- Input data -
"""
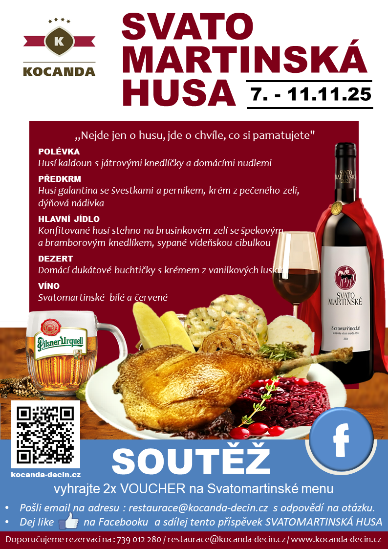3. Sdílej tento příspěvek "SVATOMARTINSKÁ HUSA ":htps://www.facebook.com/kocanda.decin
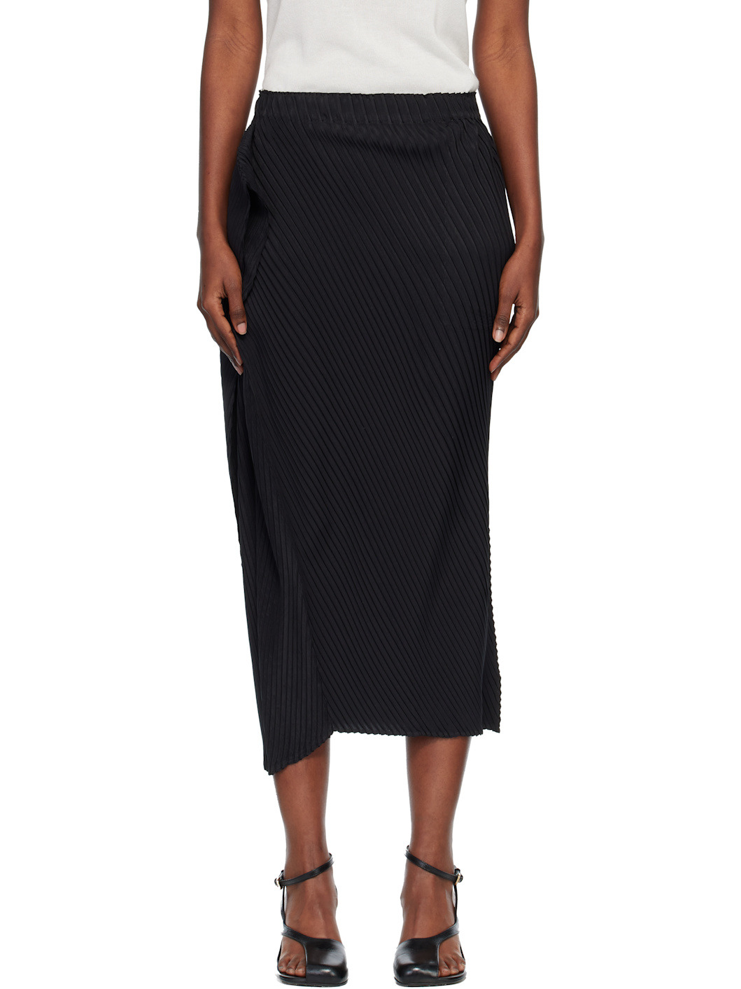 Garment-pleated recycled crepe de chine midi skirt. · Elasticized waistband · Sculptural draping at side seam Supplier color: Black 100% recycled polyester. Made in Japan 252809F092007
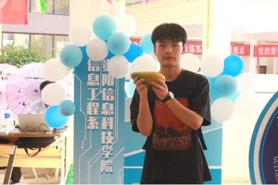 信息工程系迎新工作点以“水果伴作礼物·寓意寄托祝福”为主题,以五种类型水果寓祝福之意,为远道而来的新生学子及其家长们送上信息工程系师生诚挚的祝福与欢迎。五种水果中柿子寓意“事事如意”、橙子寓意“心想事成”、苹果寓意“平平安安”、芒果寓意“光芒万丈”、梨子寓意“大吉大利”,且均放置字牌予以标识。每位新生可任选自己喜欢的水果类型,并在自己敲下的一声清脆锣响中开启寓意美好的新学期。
"""
"""
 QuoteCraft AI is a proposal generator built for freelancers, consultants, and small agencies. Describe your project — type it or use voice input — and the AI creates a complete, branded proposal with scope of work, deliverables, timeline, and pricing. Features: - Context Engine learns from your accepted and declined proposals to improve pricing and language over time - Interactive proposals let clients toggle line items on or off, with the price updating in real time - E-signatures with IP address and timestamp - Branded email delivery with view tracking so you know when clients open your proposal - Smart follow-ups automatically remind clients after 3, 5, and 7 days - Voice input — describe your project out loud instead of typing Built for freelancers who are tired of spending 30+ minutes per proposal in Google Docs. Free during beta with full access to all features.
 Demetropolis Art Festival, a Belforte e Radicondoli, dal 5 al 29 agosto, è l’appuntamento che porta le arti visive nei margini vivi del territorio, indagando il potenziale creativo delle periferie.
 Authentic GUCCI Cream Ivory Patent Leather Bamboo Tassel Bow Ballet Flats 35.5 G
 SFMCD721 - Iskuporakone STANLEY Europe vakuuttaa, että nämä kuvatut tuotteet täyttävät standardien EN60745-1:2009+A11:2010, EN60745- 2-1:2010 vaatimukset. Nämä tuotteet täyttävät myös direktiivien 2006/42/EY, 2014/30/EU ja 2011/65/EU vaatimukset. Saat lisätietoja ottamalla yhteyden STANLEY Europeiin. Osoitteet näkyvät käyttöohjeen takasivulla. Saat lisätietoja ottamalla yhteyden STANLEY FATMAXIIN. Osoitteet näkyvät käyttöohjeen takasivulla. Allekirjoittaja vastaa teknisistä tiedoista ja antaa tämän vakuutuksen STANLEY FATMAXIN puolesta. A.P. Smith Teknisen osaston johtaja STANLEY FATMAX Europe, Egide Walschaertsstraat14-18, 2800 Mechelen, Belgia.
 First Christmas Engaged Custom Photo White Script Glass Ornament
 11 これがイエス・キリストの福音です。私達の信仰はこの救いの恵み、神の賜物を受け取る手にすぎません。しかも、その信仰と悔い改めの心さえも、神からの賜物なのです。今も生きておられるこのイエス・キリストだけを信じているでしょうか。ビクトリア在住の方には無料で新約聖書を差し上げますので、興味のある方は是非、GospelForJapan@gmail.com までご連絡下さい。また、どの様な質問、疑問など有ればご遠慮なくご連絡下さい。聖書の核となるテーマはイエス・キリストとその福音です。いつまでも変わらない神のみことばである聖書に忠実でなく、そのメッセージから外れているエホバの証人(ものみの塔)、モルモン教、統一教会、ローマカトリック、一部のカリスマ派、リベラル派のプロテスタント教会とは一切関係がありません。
"""
- Requirement -
In the records above, find the line with "Authentic GUCCI Cream"; write out exactly that line and each one after it, stopping after the line with "First Christmas Engaged".

- Solved exercise -
 Authentic GUCCI Cream Ivory Patent Leather Bamboo Tassel Bow Ballet Flats 35.5 G
 SFMCD721 - Iskuporakone STANLEY Europe vakuuttaa, että nämä kuvatut tuotteet täyttävät standardien EN60745-1:2009+A11:2010, EN60745- 2-1:2010 vaatimukset. Nämä tuotteet täyttävät myös direktiivien 2006/42/EY, 2014/30/EU ja 2011/65/EU vaatimukset. Saat lisätietoja ottamalla yhteyden STANLEY Europeiin. Osoitteet näkyvät käyttöohjeen takasivulla. Saat lisätietoja ottamalla yhteyden STANLEY FATMAXIIN. Osoitteet näkyvät käyttöohjeen takasivulla. Allekirjoittaja vastaa teknisistä tiedoista ja antaa tämän vakuutuksen STANLEY FATMAXIN puolesta. A.P. Smith Teknisen osaston johtaja STANLEY FATMAX Europe, Egide Walschaertsstraat14-18, 2800 Mechelen, Belgia.
 First Christmas Engaged Custom Photo White Script Glass Ornament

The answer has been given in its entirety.